Source records
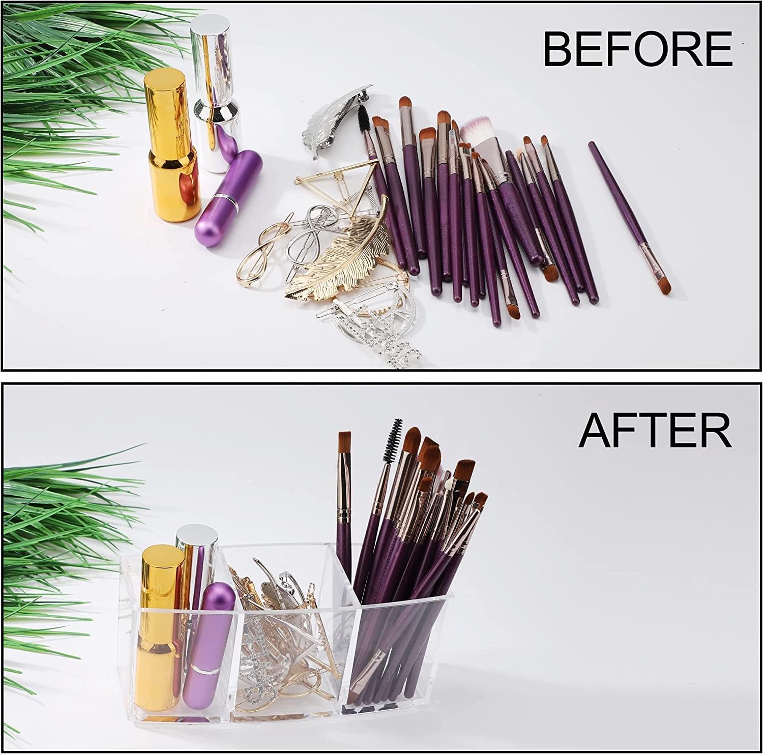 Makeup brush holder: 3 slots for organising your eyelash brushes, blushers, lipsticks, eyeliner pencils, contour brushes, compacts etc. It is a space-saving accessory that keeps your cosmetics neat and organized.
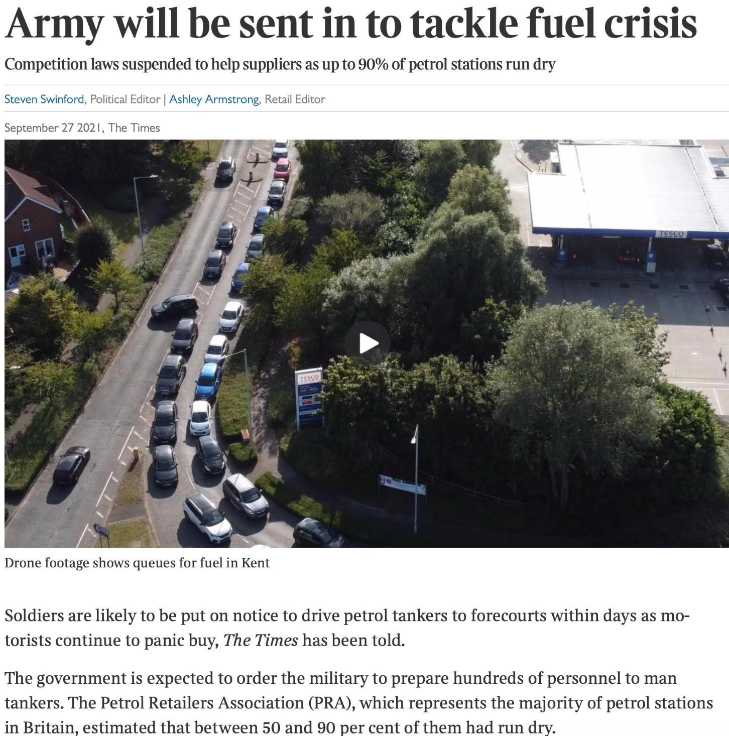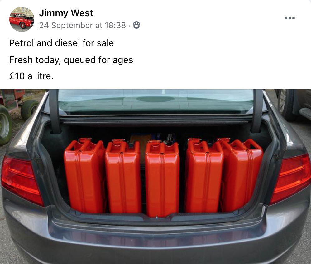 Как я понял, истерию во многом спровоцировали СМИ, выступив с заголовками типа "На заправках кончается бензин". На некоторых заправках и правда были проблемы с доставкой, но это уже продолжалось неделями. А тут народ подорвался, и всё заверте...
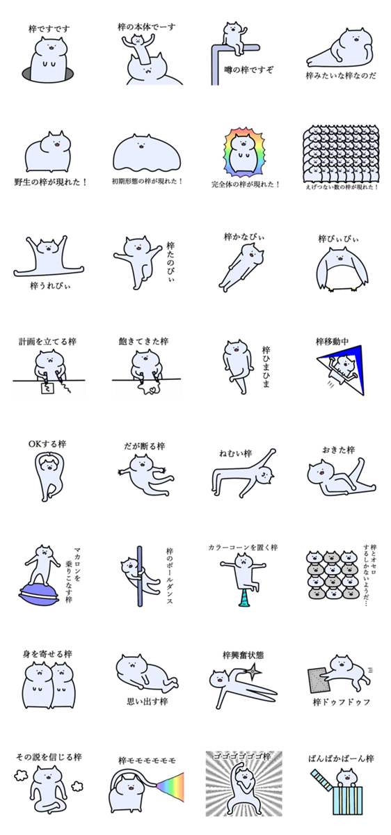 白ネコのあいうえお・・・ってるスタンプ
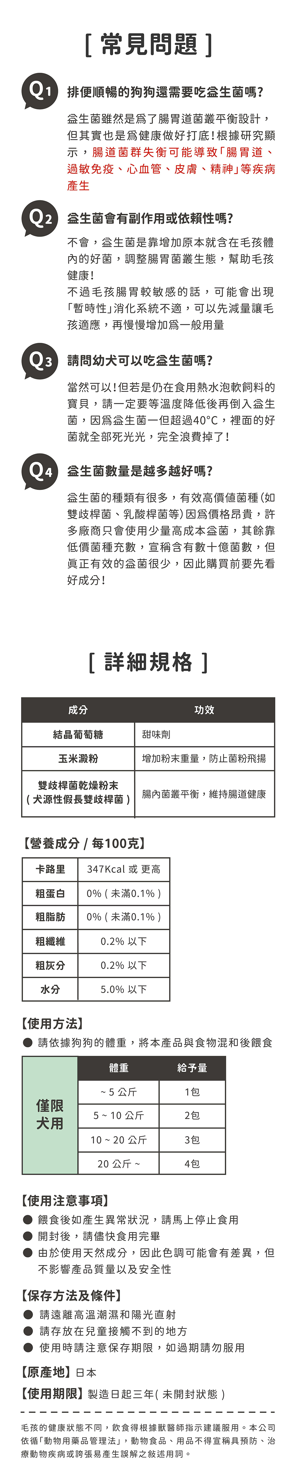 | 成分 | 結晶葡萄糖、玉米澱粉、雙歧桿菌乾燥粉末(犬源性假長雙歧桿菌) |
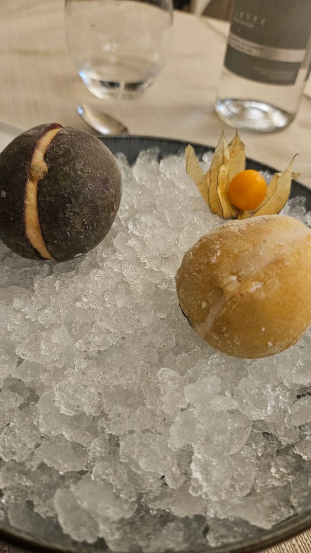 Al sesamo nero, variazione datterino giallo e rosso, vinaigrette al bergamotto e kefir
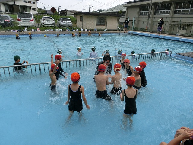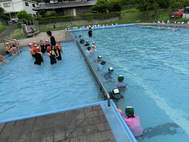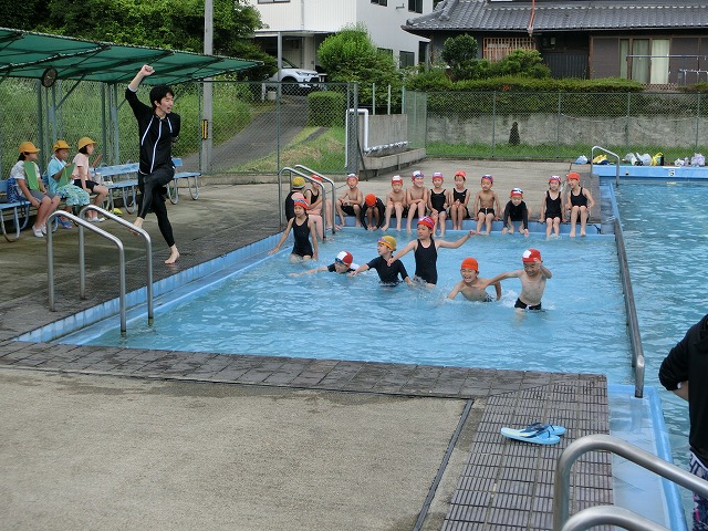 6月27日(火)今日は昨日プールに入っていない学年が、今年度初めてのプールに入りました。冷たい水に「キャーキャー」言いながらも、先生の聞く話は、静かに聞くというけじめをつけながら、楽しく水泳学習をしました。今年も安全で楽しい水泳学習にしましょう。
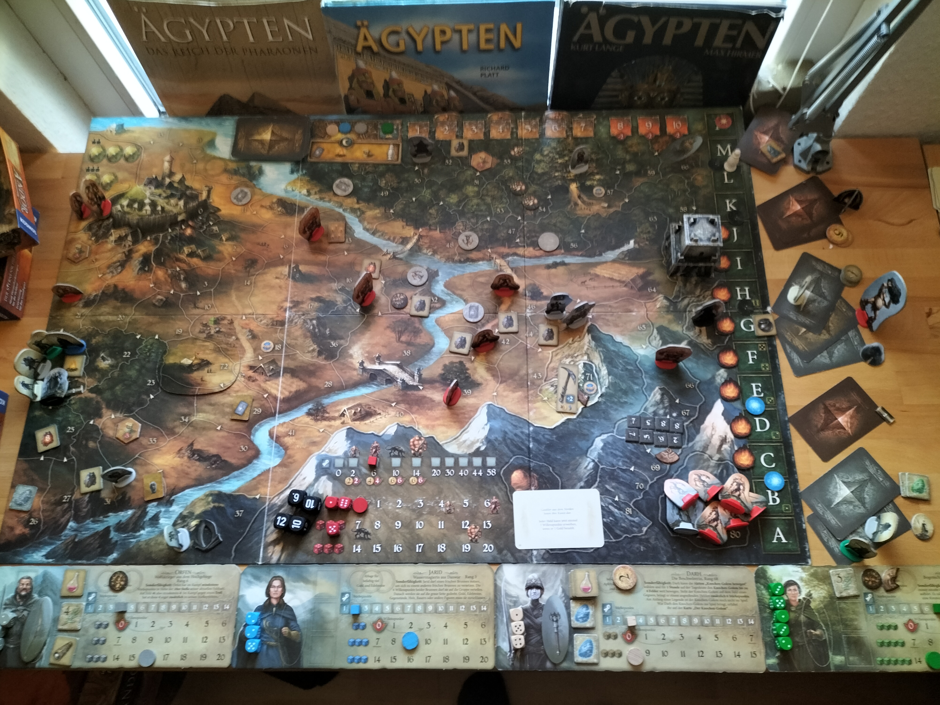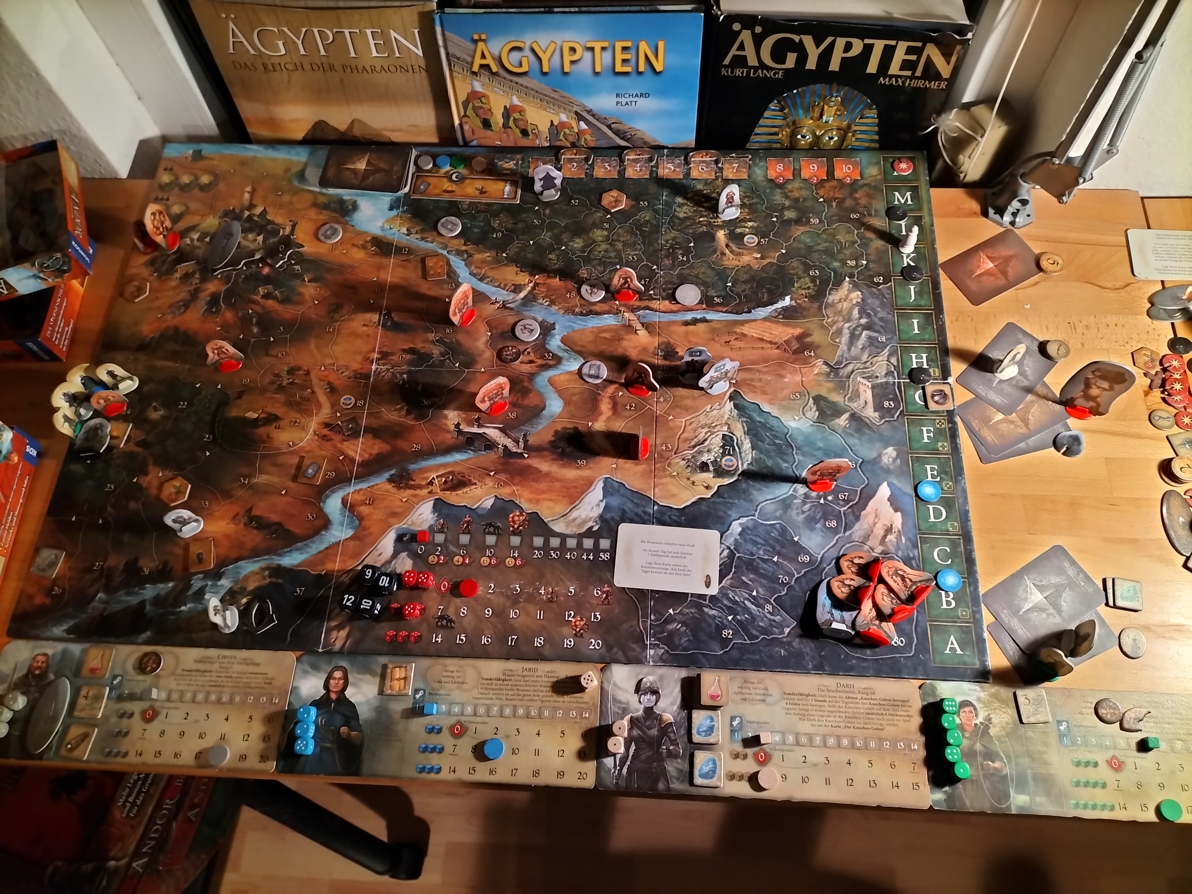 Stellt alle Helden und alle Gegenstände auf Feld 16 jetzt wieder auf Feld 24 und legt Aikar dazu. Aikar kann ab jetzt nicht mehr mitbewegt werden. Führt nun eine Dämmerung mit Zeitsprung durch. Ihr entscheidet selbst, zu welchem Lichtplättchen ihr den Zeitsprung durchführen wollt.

Aim of the task
Retype every entry exactly as written. Leave the pictures out.

Written reply
 Makeup brush holder: 3 slots for organising your eyelash brushes, blushers, lipsticks, eyeliner pencils, contour brushes, compacts etc. It is a space-saving accessory that keeps your cosmetics neat and organized.
 Как я понял, истерию во многом спровоцировали СМИ, выступив с заголовками типа "На заправках кончается бензин". На некоторых заправках и правда были проблемы с доставкой, но это уже продолжалось неделями. А тут народ подорвался, и всё заверте...
 白ネコのあいうえお・・・ってるスタンプ
 | 成分 | 結晶葡萄糖、玉米澱粉、雙歧桿菌乾燥粉末(犬源性假長雙歧桿菌) |
 Al sesamo nero, variazione datterino giallo e rosso, vinaigrette al bergamotto e kefir
 6月27日(火)今日は昨日プールに入っていない学年が、今年度初めてのプールに入りました。冷たい水に「キャーキャー」言いながらも、先生の聞く話は、静かに聞くというけじめをつけながら、楽しく水泳学習をしました。今年も安全で楽しい水泳学習にしましょう。
 Stellt alle Helden und alle Gegenstände auf Feld 16 jetzt wieder auf Feld 24 und legt Aikar dazu. Aikar kann ab jetzt nicht mehr mitbewegt werden. Führt nun eine Dämmerung mit Zeitsprung durch. Ihr entscheidet selbst, zu welchem Lichtplättchen ihr den Zeitsprung durchführen wollt.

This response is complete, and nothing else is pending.